In this article, we've listed 15 of the most common data problems for organizations and provided five ways to solve them.
A data quality issue is any error that lowers the reliability and accuracy of a data set. Inconsistent formatting and incomplete data cause poor interpretation, hinder analysis, and hurt brands.
Data quality significantly impacts data analysis, business intelligence, and day-to-day operations.
Each data team has its framework for data quality, and problems are unavoidable when data is collected from multiple sources at varying times.
An example of how poor data quality hurts businesses might be a misspelling of a customer's name during data collection. This issue will cause the customer to be addressed incorrectly in calls, emails, and other communications. The business loses revenue when this frustrated customer cancels their orders or services.

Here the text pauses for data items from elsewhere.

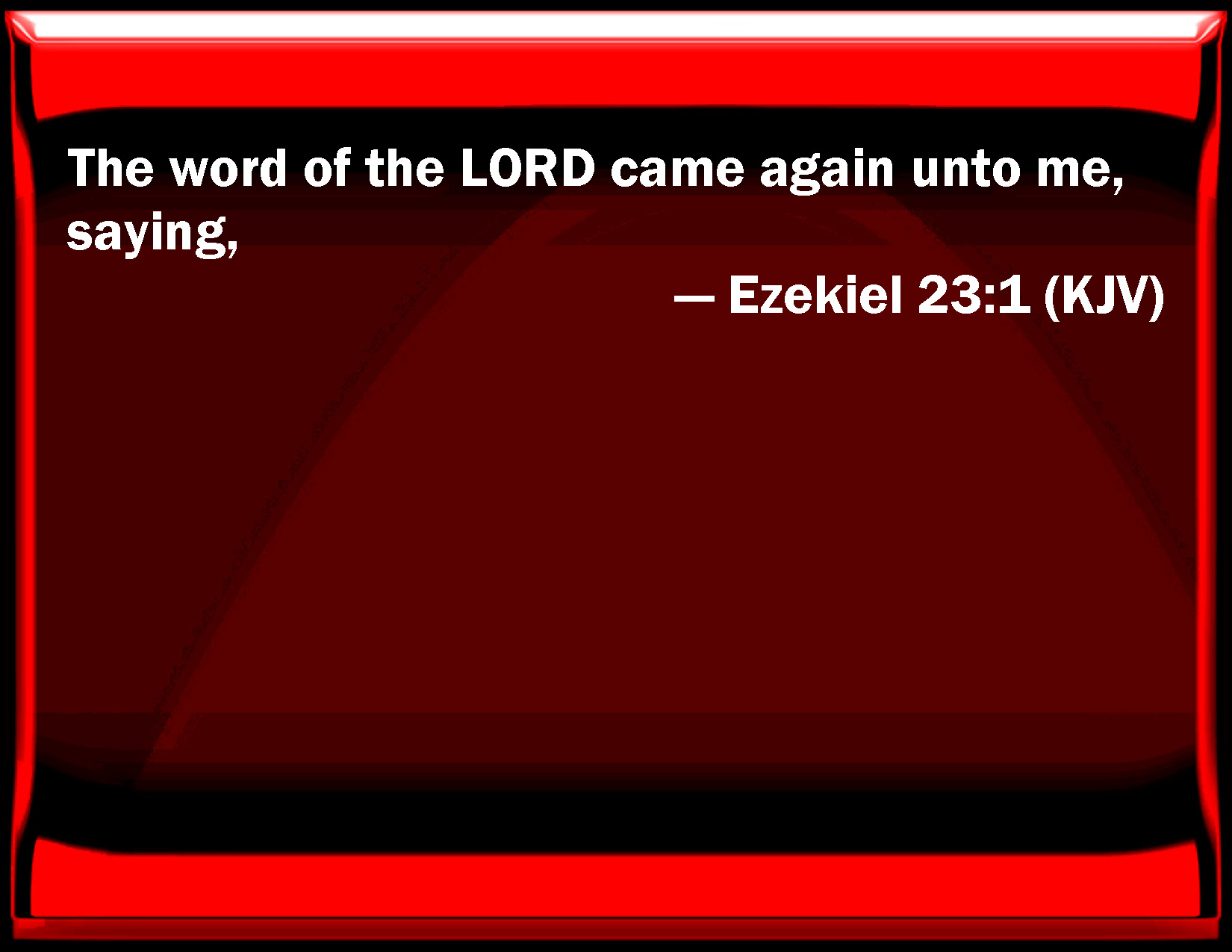Bible Verse Slide Ezekiel 23:1 The word of the LORD came again to me, saying, KJV: The word of the LORD came again unto me, saying, DRB: And the word of the Lord came to me, saying: DBT: And the word of Jehovah came unto me, saying, ERV: The word of the LORD came again unto me, saying, WBT: The word of the LORD came again to me, saying, WEB: The word of Yahweh came again to me, saying, YLT: And there is a word of Jehovah unto me, saying, 'Son of man,Links Ezekiel 23:1 NIV • Ezekiel 23:1 NLT • Ezekiel 23:1 ESV • Ezekiel 23:1 NASB • Ezekiel 23:1 KJV • Ezekiel 23:1 Interlinear • Ezekiel 23:1 Commentaries • Ezekiel 23:1 Parallel Texts • Ezekiel 23:1 Bible Apps • Ezekiel 23:1 Parallel • Bible Hub |
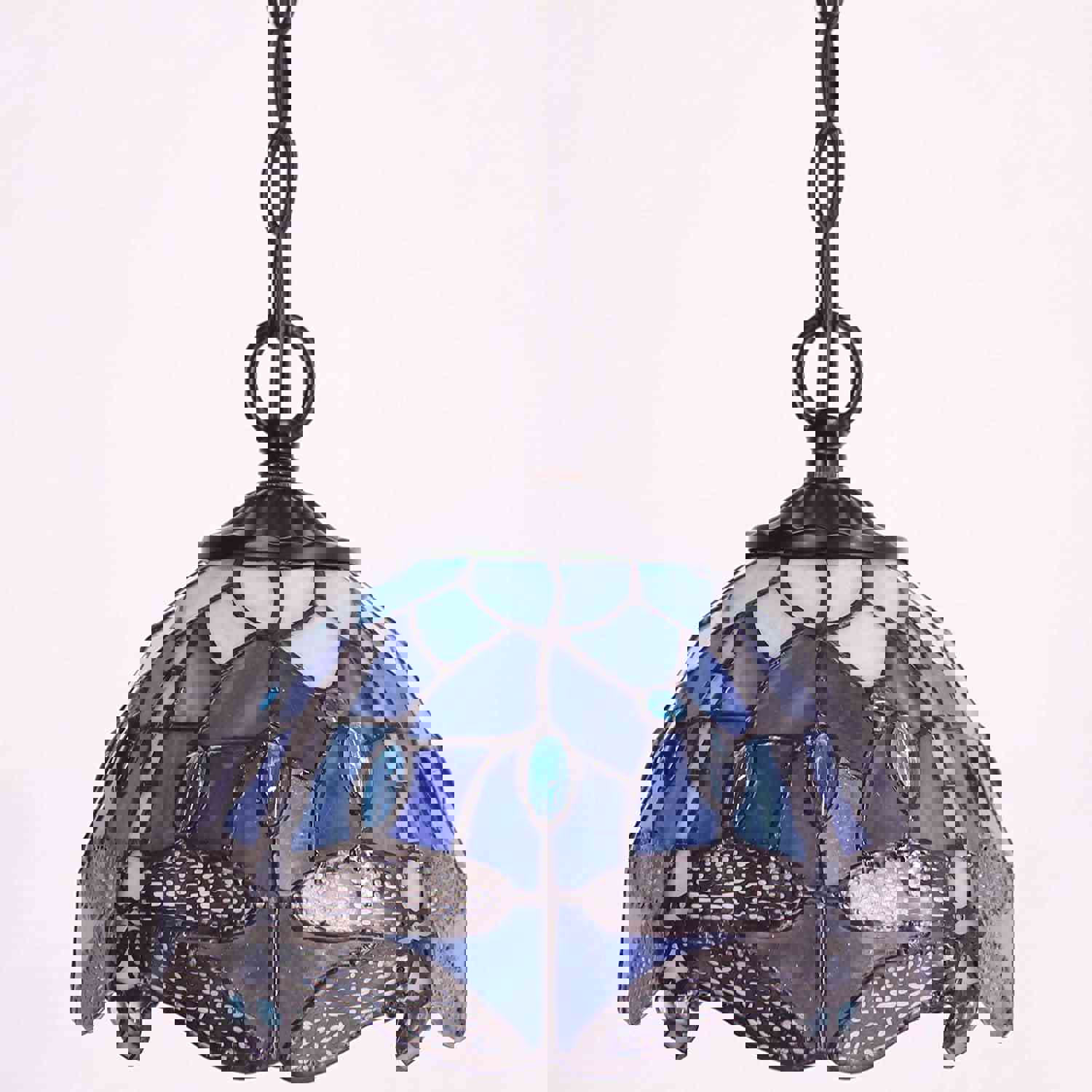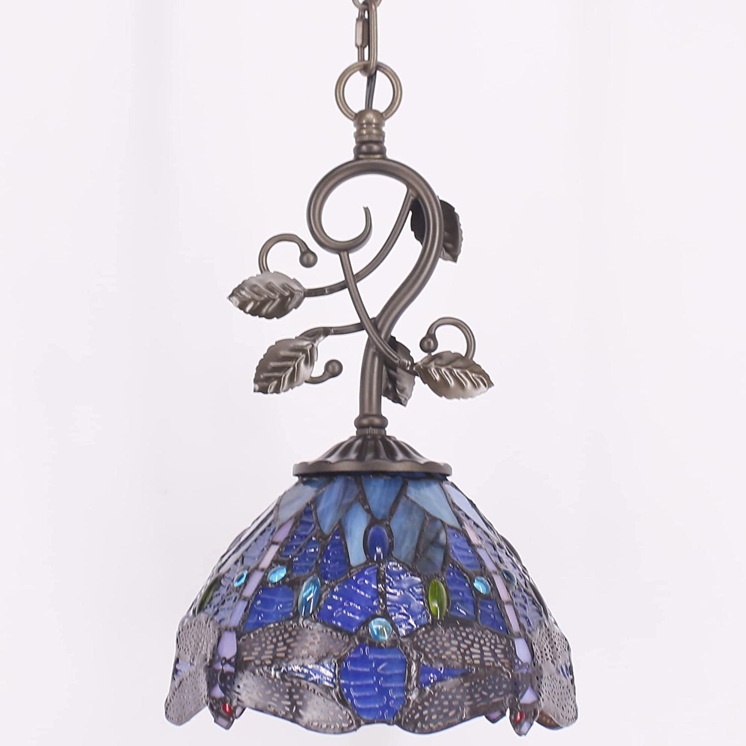 Werfactory® Tiffany Pendant Light - Navy Blue Stained Glass Dragonfly Hanging Lamp
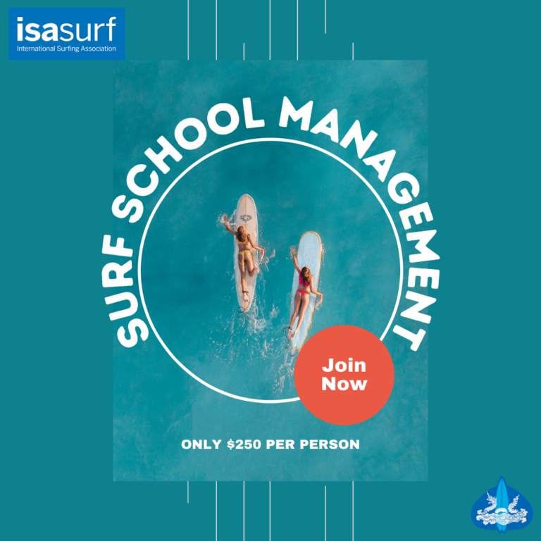 สหพันธ์กีฬากระดานโต้คลื่นนานาชาติ (ISA) และ สมาคมกีฬากระดานโต้คลื่นแห่งประเทศไทย (TSF) ขอเชิญชวนผู้ประกอบการหรือเจ้าของ Surf School และผู้ที่สนใจ เข้าร่วมเรียน หลักสูตรการจัดการโรงเรียนสอนโต้คลื่นของ ISA เพื่อพัฒนาทักษะการบริหารจัดการโรงเรียนสอนโต้คลื่นให้ก้าวหน้าและยั่งยืน
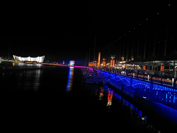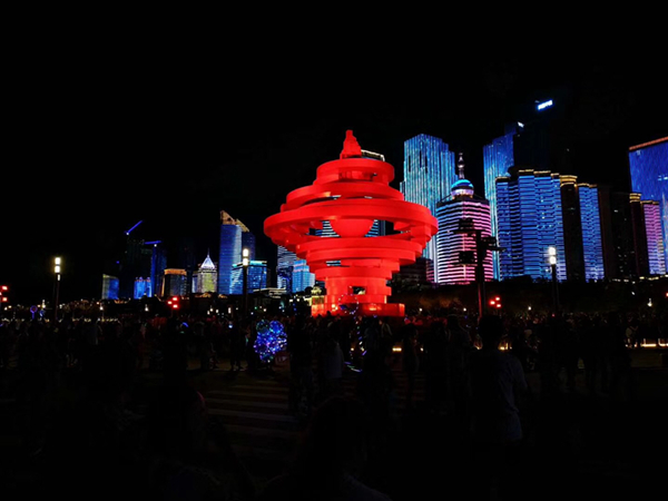 初秋的青島五四廣場(chǎng),風(fēng)景秀麗,氣候宜人,流光溢彩的燈光與蜿蜒曲折的海岸線相交呼應(yīng),讓游人在光影互動(dòng)中感受青島的浪漫。
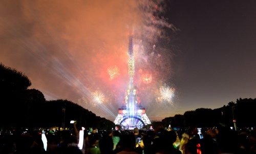 Başkent Paris'in sembollerinde Eiffel Kulesi'nde havai fişek gösterisi yapıldı.
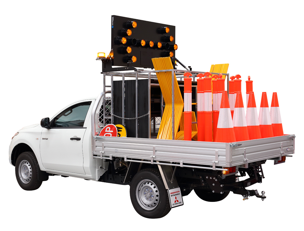 - Complete Fitout Option: Includes cage, multi-message frames, B-Class arrowboard, LED beacons, Y-frame legs, T-top bollards/cones, stop/slow bats, and traffic wands (products sold separately).
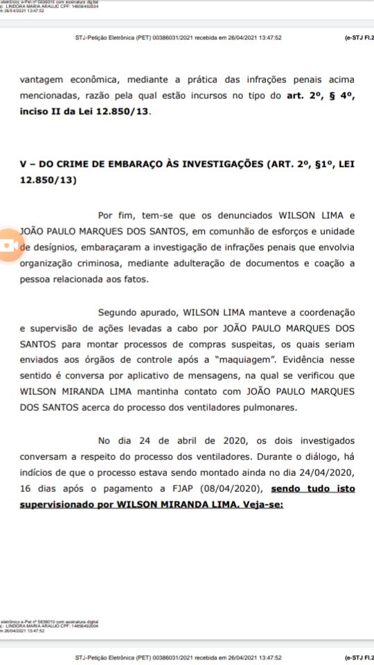 Ainda de acordo com a subprocuradora, “fica evidente, portanto, o intuito do denunciado João Paulo Marques, sob a coordenação e supervisão do Governador, o denunciado Wilson Lima, de embaraçarem as investigações de infração penal que envolve organização criminosa, notadamente a aquisição superfaturada de respiradores pela FJAP E CIA, assim como processos sobre contratações no Hospital Nilton Lins”.
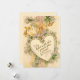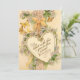 Elegante y romántica tarjeta de El día de San Valentín vintage con corazón dorado, saludo, cintas, flores y mariposas.
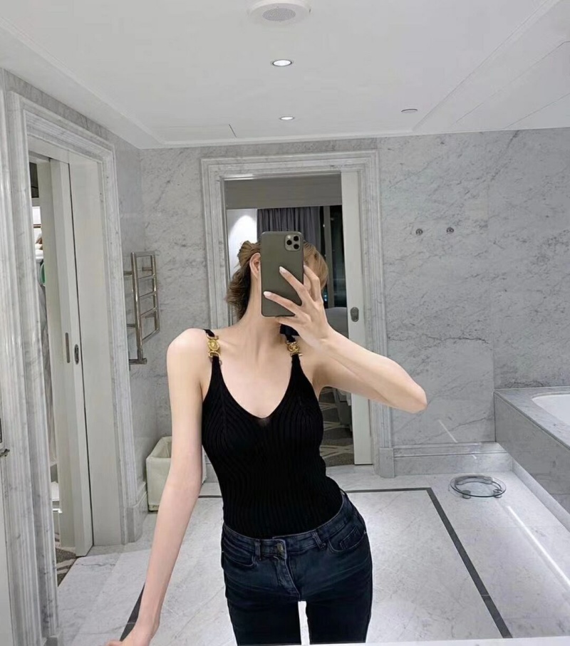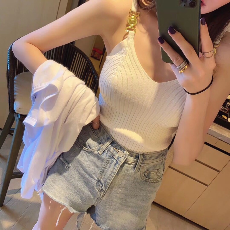 装饰吊带针织背心2023春夏新款韩国性感露肩V领弹力紧身内搭上衣

Similar inaccuracies or data quality problems can lead to flawed business decisions, lost opportunities, increased operational costs, underperforming machine learning or artificial intelligence, and a lack of competitiveness.
In a 2022 survey by Ataccama, 97% of respondents considered the roles, processes, tools, and platforms for ensuring high-quality data to be important.
Data quality management starts with understanding why data issues occur. Here are the top problems that could corrupt your data.
Businesses collect data from multiple internal applications, customer-facing platforms, and databases. With the number of data sources consistently rising, collecting the same data from separate sources is a common error.
Duplicate data in one crucial database can harm every process associated with it. For example, multiple copies of customer data can skew marketing campaign analytics, sales analytics, customer engagement metrics, and more.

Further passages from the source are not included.